• Exercise objective: What you write should be an exact repeat of the lines from the one with "Hochwertige Tapete mit" through the final line below, minus the pictures.
:: Exercise material
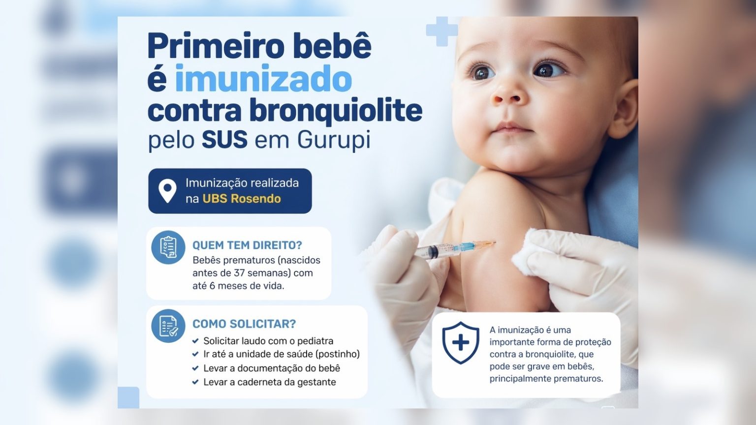 Um bebê de Gurupi recebeu, nesta quinta-feira, a imunização contra a bronquiolite pelo Sistema Único de Saúde (SUS). A aplicação aconteceu na UBS Rosendo, após solicitação feita pela família e apresentação da documentação necessária. A dose não fica disponível diretamente nas unidades de saúde. Para ter acesso, os responsáveis devem comprovar que o bebê se enquadra nos critérios exigidos e solicitar a imunização. Têm direito bebês prematuros, nascidos antes de 37 semanas, com até 6 meses de vida. Para solicitar, é necessário procurar o pediatra e pedir um laudo médico. Em seguida, os responsáveis devem ir até a unidade de…
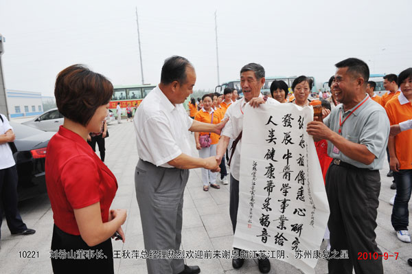 今天,四川、江苏、河南、山东的300多名顽疾康复患者分乘七辆大巴携带锦旗而来,他们得的是股骨头坏死、腰椎间盘突出、颈椎病等顽疾。在感恩行现场,康复患者争先恐后拥向刘希山董事长,献上锦旗并鞠躬感谢。张国春,平度人,2003年患股骨头坏死,不能蹲起、不能自理、痛苦不堪,2004年开始使用中药提速,治疗半年时间康复,可以正常活动与工作,至今未复发。张先生向刘希山教授深深鞠躬致谢……用户热泪盈眶、真诚谢恩的一幕幕场景令人震撼!通过使用电磁治疗仪或自热透化带而康复的谢恩者今天正好是第100批,涵盖了25省、100余地市,总人数超过了12000名。
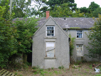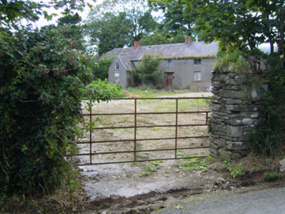 Detached five-bay single-storey farmhouse with half-dormer attic, extant 1839, on a T-shaped plan off-centred on single-bay single-storey gabled projecting bay. Occupied, 1901; 1911. Vacated, 1995. Now disused. Hipped and pitched slate roof on collared timber construction off-centred on pitched (gabled) slate roof, clay ridge tiles, red brick Running bond chimney stacks having stepped capping, creeper- or ivy-covered concrete or rendered coping to gables, and cast-iron rainwater goods on slate flagged eaves retaining cast-iron downpipes. Part creeper- or ivy-covered fine roughcast battered walls. Hipped square-headed off-central door opening with cut-limestone step threshold, and concealed dressings framing timber boarded door having sidelights. Square-headed window openings with cut-granite sills, and concealed dressings framing six-over-six (ground floor) or three-over-six (half-dormer attic) timber sash windows having part exposed sash boxes. Set in unkempt grounds perpendicular to road with piers to perimeter having rubble stone solder course capping supporting iron "farm gate".
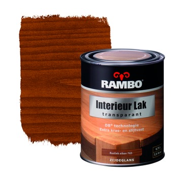 Rambo interieurlak transparant rustiek eiken zijdeglans 750 ml is een transparante interieurlak voor een nette afwerking binnenshuis. Het product is speciaal geschikt voor meubels, kozijnen, deuren en betimmeringen. Rambo interieurlak is verkrijgbaar in verschillende inhoudsmaten, dekkende kleuren en transparante kleuren, waaronder Rambo interieurlak transparant rustiek eiken zijdeglans 750 ml.
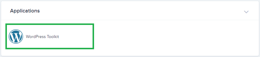 - Scroll down a bit, find the ” Applications ” section and click on ” WordPress Toolkit “.
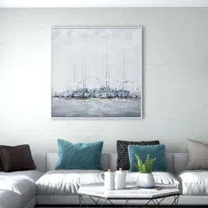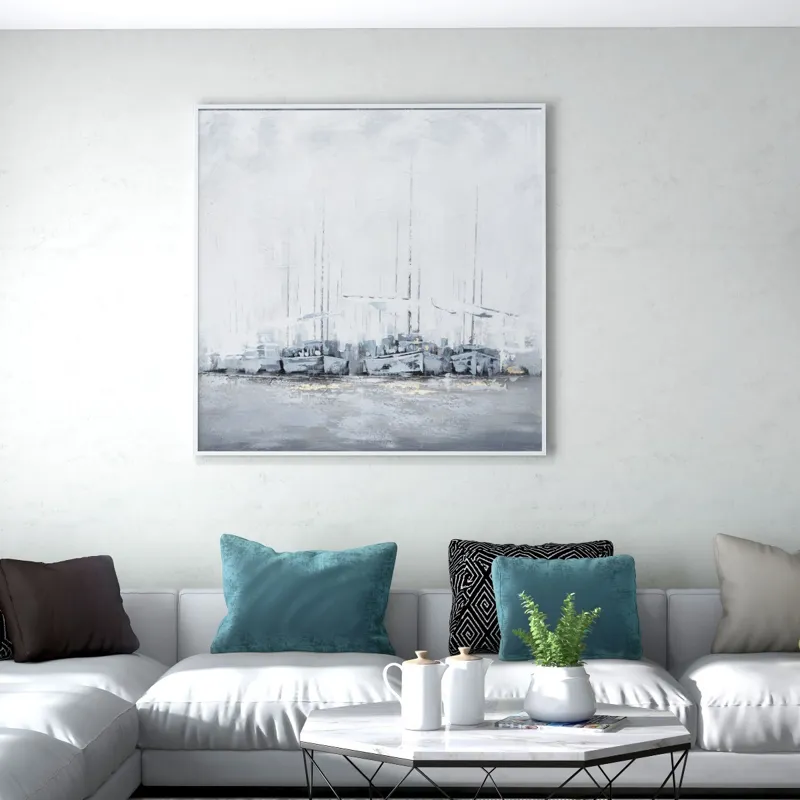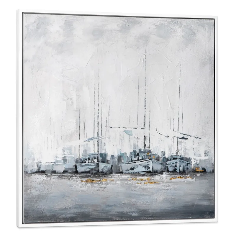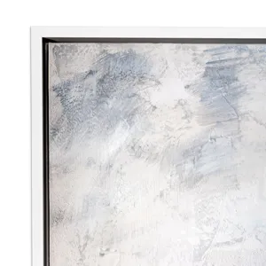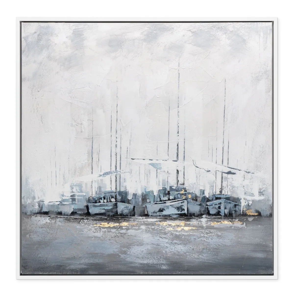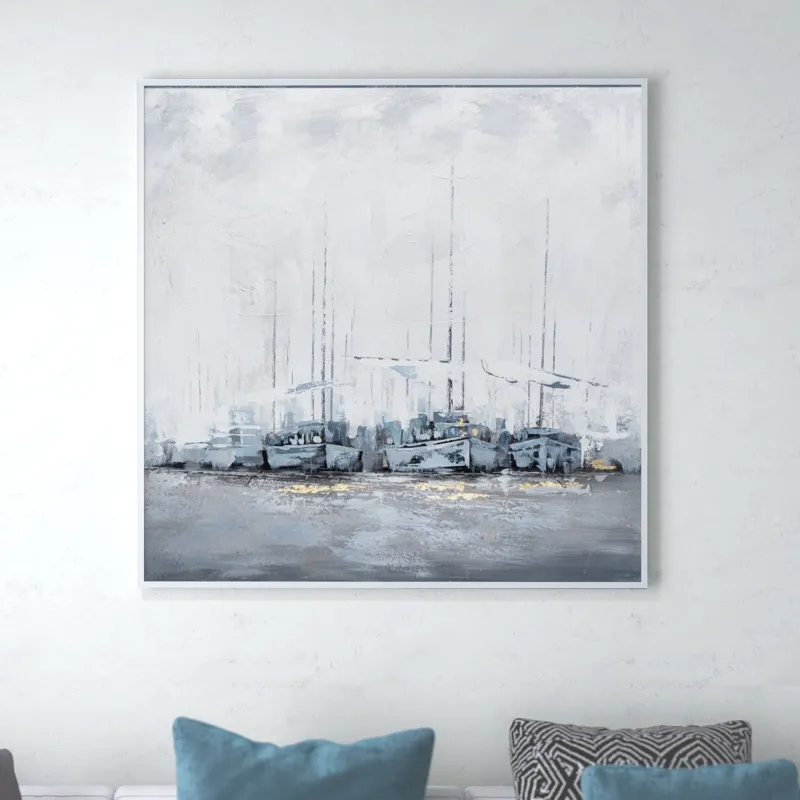 Give your space a nautical-inspired style with this large hand painted canvas. Featuring heavily textured brushwork with coastal grey and blue hues and finished in a crisp white floater frame it is the perfect addition to any bedroom, living room or office space
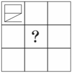 左侧有一大方块,内有九个小方格,左上角的画面为初始画面,有问号的小方格为欲知画面的方格。初始画面必须向右或向下做连续翻转,且每隔一线翻转一次,直到求出在问号位置的画面为止,在右边五个答案中,有一个画面即为在问号位置的画面,请你将这个画面找出,然后选出正确的答案是( )
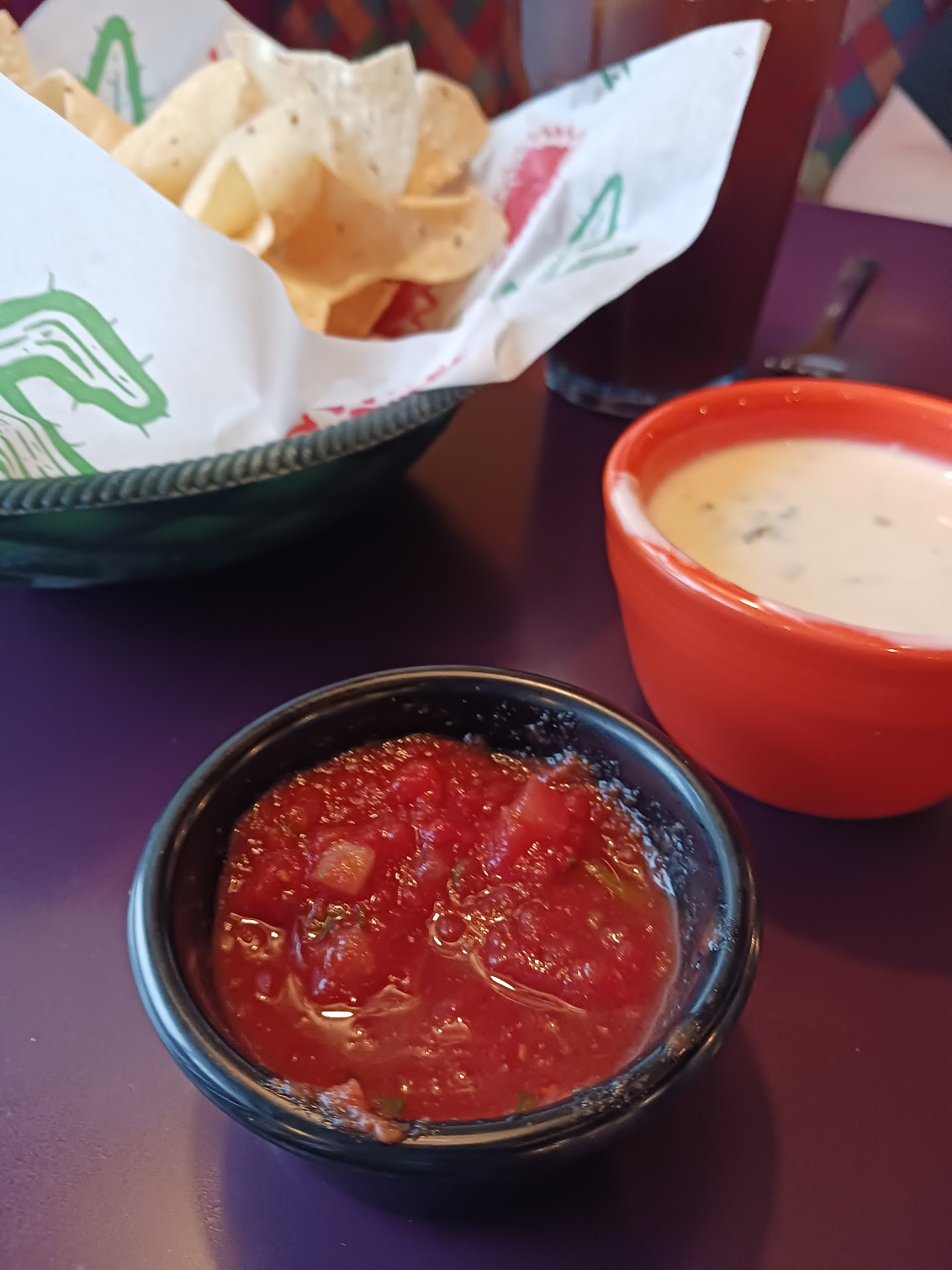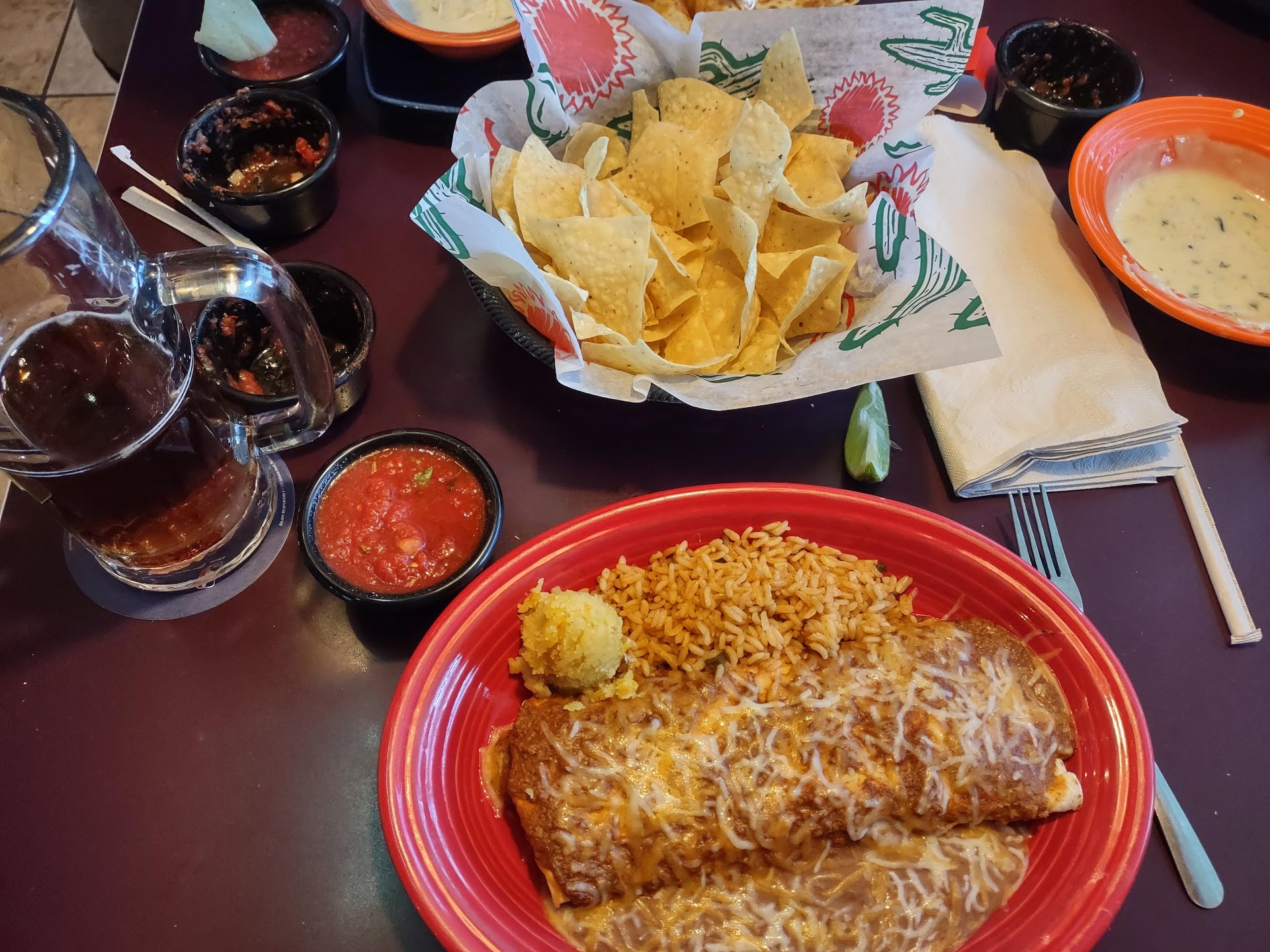 Read moreI loved the taste of the guacamole compared to other similar restaurants in the area.Salsa tasted like a glorified ketchup though,heavy on the ketchup taste. White cheese dip tasted good,although had a spinach like taste and green bits that also looked a lot like spinach. Weird. Never ordered a queso at a Mexican restaurant that had a spinach taste in it. I ordered a chicken chimichanga meal. It was ok. Tasted fine. My husband ordered mixed steak and chicken fajitas. He wasn't impressed in the least. He said it was very bland,no taste. From my view it was very very blaw looking,no color etc. It was mostly grilled onions and a tiny bit of green peppers . But what really surprised us was the steak and chicken didn't seem to be seasoned with fajita seasoning and just plopped on top of the onion mound with the tiny bit of green peppers. Literally a steak cut in slices played on the right and a chicken breast sliced and placed on the left top of the onion mound. Not mixed in. Not seasoned etc. Service was ok. The dining room was messy but we figured the time of evening we just missed the dinner rush. Our server was mainly busy cleaning tables nearby and as she passed asked if everything was OK or if we needed anything. My drink ice melted before I drank all my tea. I also finished my tea before my food and never was offered a refill. Maybe I should have said as she passed by cleaning tables that I needed a refill...although I shouldn't have to ask. She was very nice though. My husband and I both agreed if we ever came back we would definitely be ordering different items as we weren't impressed in the...
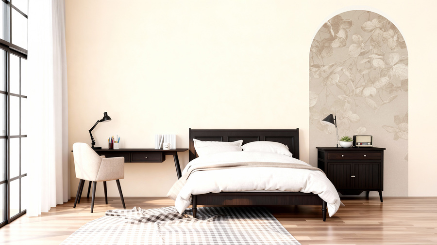 Hochwertige Tapete mit Bogenmuster in warmen Beigetönen und Pflanzenmotiv – hergestellt mit umweltfreundlicher Tapetendrucktechnologie
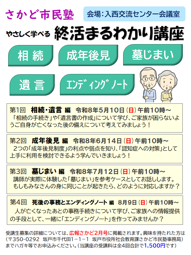 狭山市生涯学習ボランティア(さやまルシェ)に登録してありますので、サークルの研修などに当事務所の公開講座をご利用ください。
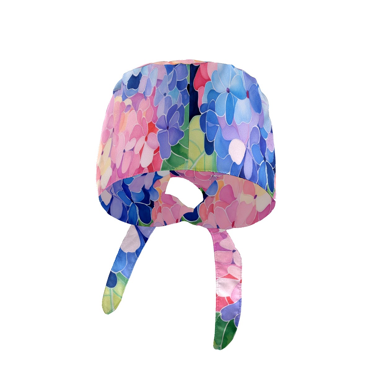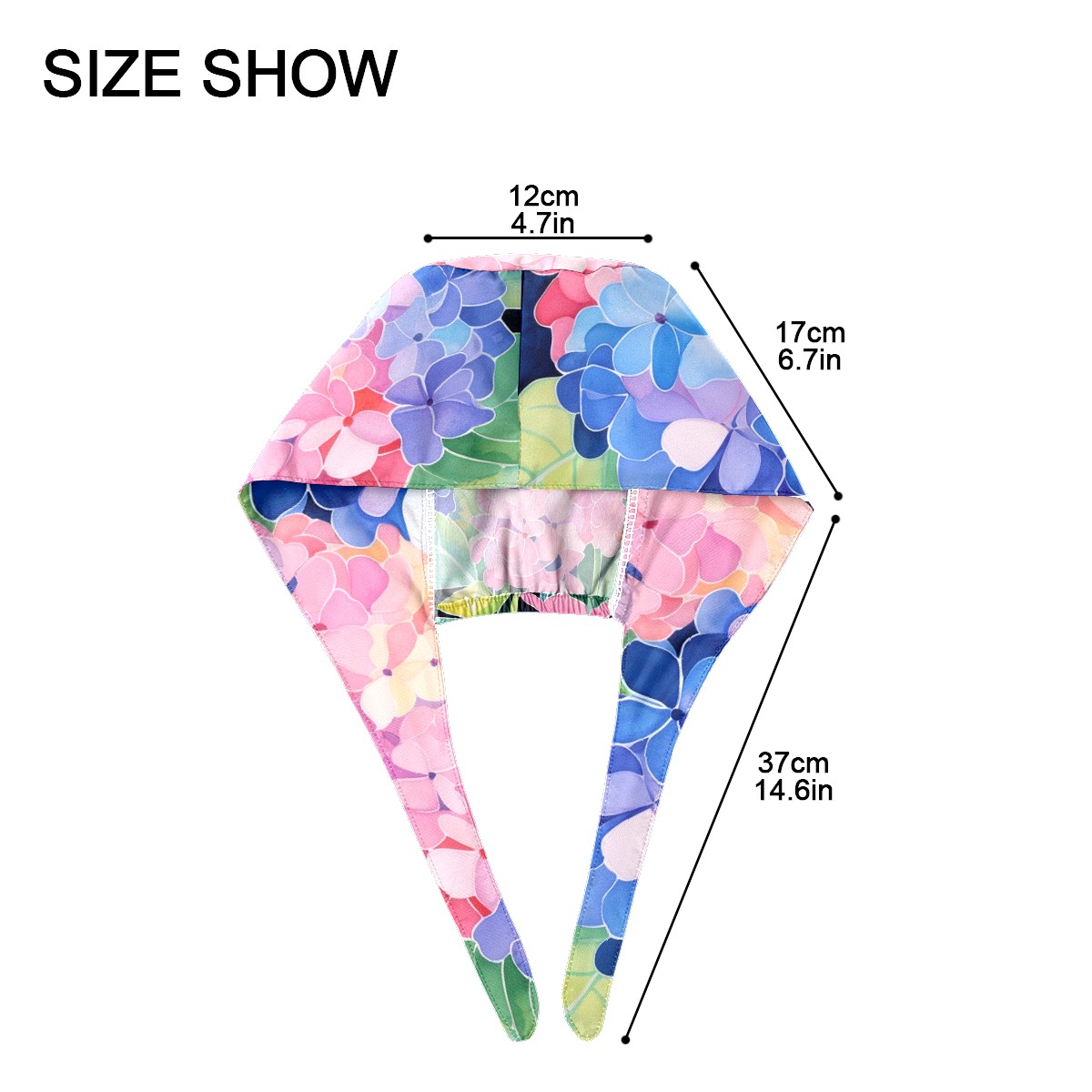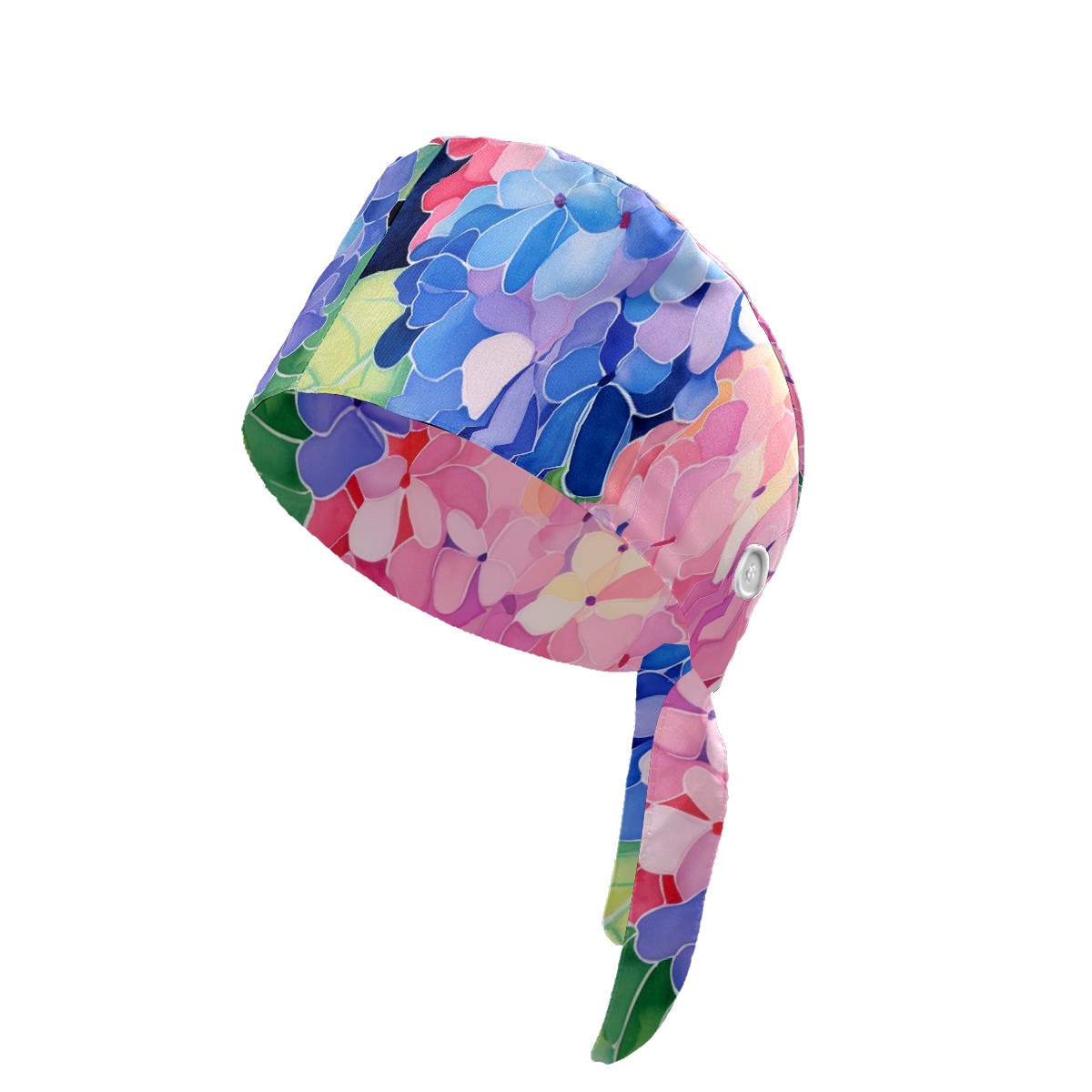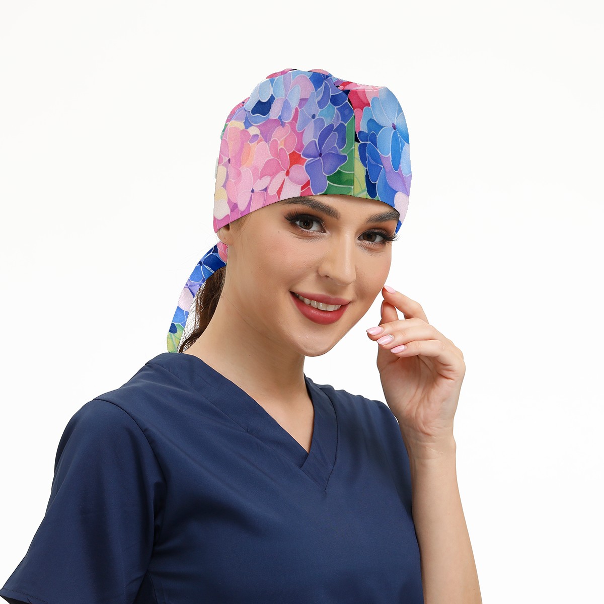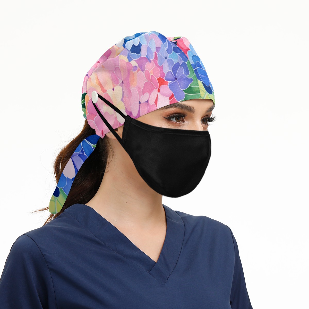 Working Caps with Button&Sweatband Satin Lined Cotton Adjustable Nurse Hats Elastic Band Scrub Cap Surgeon Hat Watercolour Flower
::::
• Result:
 Hochwertige Tapete mit Bogenmuster in warmen Beigetönen und Pflanzenmotiv – hergestellt mit umweltfreundlicher Tapetendrucktechnologie
 狭山市生涯学習ボランティア(さやまルシェ)に登録してありますので、サークルの研修などに当事務所の公開講座をご利用ください。
 Working Caps with Button&Sweatband Satin Lined Cotton Adjustable Nurse Hats Elastic Band Scrub Cap Surgeon Hat Watercolour Flower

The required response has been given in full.